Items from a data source

+ + +

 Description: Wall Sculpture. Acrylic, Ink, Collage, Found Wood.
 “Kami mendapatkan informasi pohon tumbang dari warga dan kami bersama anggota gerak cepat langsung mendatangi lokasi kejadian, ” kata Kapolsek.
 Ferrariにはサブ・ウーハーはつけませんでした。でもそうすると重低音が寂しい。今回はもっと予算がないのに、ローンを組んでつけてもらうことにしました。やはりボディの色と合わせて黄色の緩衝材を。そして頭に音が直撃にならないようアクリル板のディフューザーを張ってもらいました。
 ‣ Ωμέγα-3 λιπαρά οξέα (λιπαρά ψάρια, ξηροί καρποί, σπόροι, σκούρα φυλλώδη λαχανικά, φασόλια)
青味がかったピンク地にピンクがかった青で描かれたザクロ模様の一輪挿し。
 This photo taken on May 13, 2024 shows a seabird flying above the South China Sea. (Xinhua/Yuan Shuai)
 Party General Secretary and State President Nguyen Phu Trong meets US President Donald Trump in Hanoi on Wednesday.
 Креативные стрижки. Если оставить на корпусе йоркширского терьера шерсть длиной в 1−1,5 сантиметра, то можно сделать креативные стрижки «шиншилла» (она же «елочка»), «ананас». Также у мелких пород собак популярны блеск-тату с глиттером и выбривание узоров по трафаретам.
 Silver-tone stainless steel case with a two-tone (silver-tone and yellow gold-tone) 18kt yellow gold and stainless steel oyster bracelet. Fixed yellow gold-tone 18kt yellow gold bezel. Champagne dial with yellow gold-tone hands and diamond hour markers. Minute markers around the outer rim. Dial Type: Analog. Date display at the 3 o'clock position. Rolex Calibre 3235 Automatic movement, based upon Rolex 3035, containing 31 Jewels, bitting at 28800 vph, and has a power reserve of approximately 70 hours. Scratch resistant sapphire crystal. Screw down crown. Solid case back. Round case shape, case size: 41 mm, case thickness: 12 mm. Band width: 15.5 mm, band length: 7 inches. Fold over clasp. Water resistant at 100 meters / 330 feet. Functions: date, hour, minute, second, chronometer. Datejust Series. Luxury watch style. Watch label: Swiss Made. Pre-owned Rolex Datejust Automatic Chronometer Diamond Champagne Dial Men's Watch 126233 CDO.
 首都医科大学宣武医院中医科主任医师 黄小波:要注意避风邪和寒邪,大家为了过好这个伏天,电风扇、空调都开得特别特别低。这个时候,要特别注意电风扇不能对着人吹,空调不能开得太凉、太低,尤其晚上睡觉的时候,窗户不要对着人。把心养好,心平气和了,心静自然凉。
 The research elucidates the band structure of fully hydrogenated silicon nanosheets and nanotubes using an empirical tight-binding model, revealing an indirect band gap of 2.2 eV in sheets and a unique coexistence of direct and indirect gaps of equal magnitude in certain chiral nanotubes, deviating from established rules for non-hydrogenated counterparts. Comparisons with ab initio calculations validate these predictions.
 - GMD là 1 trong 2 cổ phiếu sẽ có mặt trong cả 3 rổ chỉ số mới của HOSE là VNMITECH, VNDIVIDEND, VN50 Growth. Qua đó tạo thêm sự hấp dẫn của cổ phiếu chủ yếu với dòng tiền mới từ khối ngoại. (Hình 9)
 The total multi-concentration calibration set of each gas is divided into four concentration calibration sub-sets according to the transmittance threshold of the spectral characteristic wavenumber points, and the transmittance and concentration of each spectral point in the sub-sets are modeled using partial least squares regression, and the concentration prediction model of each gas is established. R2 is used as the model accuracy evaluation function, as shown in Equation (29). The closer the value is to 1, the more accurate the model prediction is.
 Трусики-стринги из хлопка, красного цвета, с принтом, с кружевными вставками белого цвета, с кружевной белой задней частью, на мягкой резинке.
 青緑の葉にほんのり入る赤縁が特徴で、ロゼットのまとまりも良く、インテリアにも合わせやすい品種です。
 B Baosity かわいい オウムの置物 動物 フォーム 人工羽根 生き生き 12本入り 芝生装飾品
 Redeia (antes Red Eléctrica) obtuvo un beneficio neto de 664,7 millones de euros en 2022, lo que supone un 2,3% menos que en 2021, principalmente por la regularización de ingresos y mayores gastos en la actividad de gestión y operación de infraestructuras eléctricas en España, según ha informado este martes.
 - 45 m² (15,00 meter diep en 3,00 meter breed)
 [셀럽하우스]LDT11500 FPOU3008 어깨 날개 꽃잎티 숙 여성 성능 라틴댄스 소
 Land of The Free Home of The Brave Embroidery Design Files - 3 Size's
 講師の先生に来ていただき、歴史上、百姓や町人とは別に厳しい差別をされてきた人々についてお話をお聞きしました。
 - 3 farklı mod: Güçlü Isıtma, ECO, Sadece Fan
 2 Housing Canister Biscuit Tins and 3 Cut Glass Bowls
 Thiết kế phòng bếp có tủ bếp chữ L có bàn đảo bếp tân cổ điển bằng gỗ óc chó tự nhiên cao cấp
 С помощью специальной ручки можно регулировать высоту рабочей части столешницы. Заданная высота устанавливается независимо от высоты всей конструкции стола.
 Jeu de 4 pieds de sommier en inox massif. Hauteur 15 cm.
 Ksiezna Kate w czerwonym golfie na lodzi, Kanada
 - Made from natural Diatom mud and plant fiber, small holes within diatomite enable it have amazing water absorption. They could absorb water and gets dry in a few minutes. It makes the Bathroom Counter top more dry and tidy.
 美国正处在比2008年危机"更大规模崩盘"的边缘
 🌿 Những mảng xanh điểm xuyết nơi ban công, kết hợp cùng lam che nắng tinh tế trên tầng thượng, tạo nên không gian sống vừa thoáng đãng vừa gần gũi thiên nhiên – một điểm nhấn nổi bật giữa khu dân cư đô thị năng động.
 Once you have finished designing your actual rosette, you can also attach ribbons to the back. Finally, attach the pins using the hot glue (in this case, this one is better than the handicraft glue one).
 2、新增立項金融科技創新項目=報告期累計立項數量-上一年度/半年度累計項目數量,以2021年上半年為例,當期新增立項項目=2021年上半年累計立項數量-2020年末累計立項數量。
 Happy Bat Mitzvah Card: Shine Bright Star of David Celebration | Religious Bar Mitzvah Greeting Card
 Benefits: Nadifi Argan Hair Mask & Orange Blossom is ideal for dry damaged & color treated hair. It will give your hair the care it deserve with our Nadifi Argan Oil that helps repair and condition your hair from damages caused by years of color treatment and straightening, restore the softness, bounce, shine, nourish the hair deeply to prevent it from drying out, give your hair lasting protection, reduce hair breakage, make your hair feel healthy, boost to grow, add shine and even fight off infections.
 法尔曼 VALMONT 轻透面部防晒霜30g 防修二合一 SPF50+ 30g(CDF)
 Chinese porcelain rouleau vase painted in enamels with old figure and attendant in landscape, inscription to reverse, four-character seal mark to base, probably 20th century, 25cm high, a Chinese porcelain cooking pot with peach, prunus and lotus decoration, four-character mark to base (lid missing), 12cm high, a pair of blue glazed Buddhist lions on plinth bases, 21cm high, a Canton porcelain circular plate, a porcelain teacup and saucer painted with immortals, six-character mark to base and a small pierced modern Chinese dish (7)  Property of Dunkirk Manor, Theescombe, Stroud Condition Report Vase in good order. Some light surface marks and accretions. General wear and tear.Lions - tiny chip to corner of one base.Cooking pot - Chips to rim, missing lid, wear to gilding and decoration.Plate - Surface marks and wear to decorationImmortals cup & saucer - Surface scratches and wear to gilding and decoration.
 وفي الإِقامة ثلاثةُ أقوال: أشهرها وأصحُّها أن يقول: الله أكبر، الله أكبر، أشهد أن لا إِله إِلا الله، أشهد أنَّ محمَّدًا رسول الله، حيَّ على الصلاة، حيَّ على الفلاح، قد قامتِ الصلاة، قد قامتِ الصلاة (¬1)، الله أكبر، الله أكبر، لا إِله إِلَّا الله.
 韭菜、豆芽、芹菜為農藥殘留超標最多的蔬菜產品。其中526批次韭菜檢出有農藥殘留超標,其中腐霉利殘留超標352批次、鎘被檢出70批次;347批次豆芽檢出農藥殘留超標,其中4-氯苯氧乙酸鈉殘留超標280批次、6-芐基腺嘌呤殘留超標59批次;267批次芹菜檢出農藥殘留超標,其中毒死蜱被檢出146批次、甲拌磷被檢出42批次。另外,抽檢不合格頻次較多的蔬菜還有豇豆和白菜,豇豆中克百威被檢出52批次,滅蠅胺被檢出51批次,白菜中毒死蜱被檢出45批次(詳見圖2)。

+ + +

WHAT YOU HAVE TO DO
Please give the number of lines in the data above that hold "nhiên", and write nothing else.

THE COMPLETED TASK
2